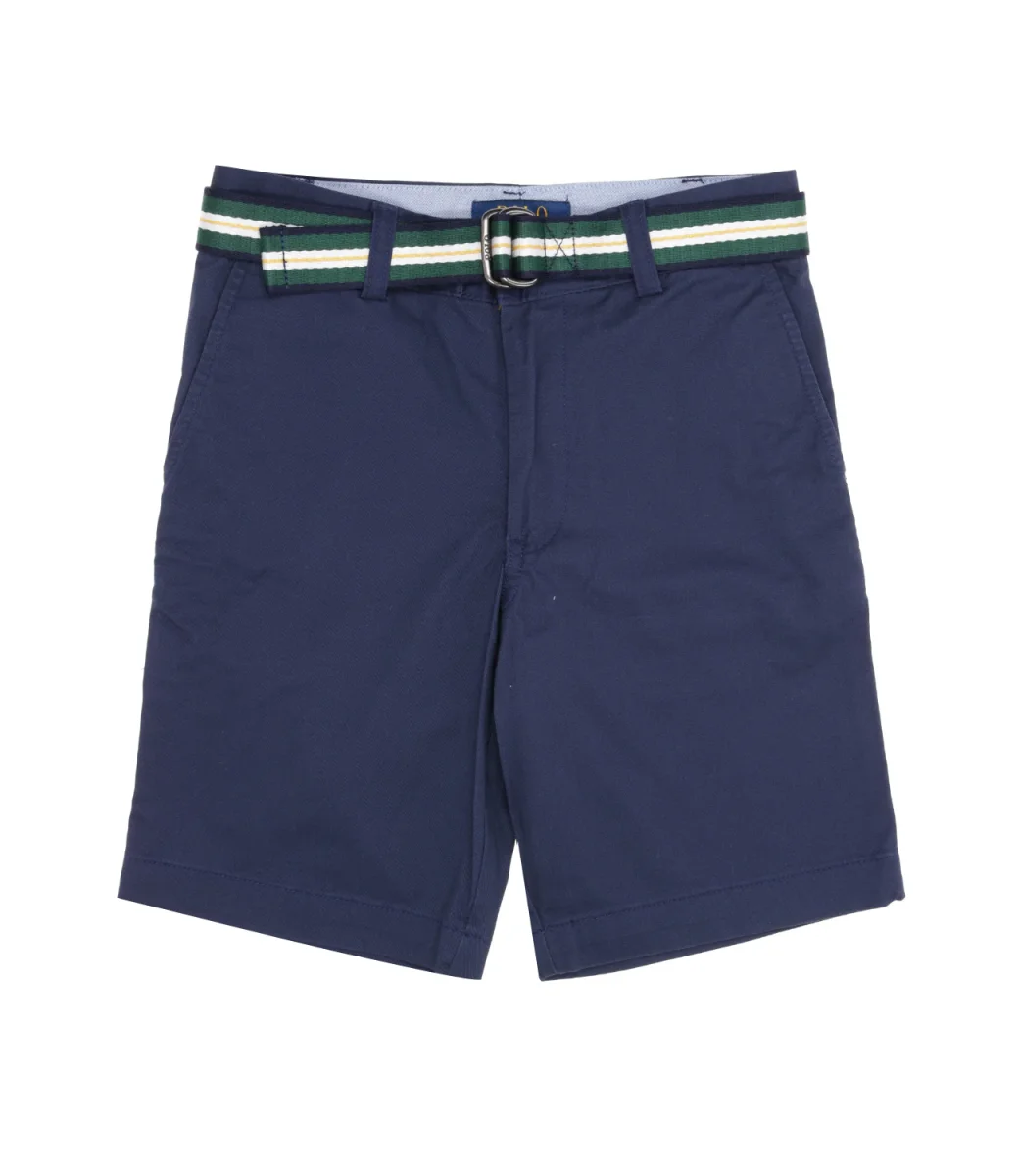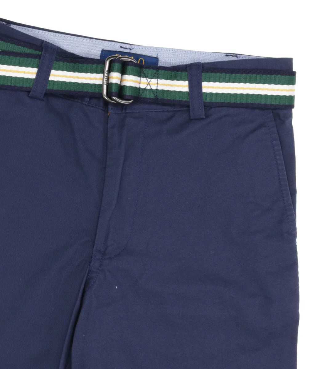 Bermuda Ralph Lauren Childrenswear in cotone blu navy, realizzati in tessuto Flex Abrasion di Ralph Lauren, che utilizza la tecnologia Purepress anti-grinze, con una maggiore resistenza all’abrasione e allo strappo.
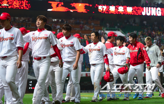 2015 프로야구 KIA 타이거즈와 SK 와이번스의 경기가 19일 인천 SK행복드림구장에서 열렸다. 8-4로 승리를 거둔 SK 선수들이 승리를 자축하고 있다. KIA는 선발투수로 시즌성적 1승 2패 방어율 6.99의 임기준을 내세웠다. SK에서는 7승 10패 방어율 4.41의 켈리가 선발 등판했다. 인천=정재근 기자 cjg@sportschosun.com/2015.09.19/
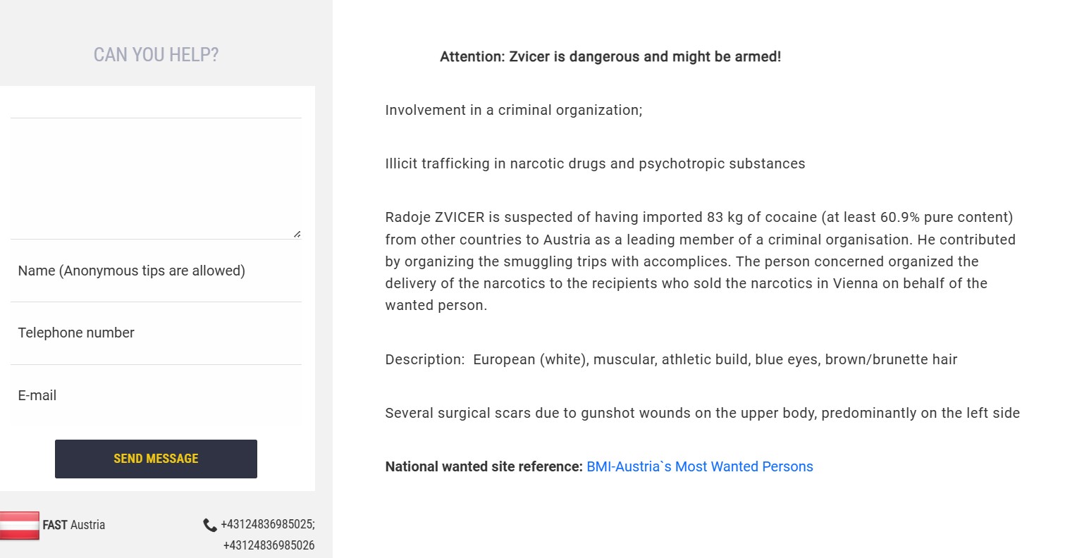 Riječ je, kako navodi Europol, o osobi povezanoj s teškim oblicima organiziranog kriminala, međunarodnom trgovinom drogom.

* **WORK ORDER**: Repeat, with no pictures, each line from the beginning of the data through the line containing "2015 프로야구 KIA", inclusive.

* **ANSWER SECTION**:
 Bermuda Ralph Lauren Childrenswear in cotone blu navy, realizzati in tessuto Flex Abrasion di Ralph Lauren, che utilizza la tecnologia Purepress anti-grinze, con una maggiore resistenza all’abrasione e allo strappo.
 2015 프로야구 KIA 타이거즈와 SK 와이번스의 경기가 19일 인천 SK행복드림구장에서 열렸다. 8-4로 승리를 거둔 SK 선수들이 승리를 자축하고 있다. KIA는 선발투수로 시즌성적 1승 2패 방어율 6.99의 임기준을 내세웠다. SK에서는 7승 10패 방어율 4.41의 켈리가 선발 등판했다. 인천=정재근 기자 cjg@sportschosun.com/2015.09.19/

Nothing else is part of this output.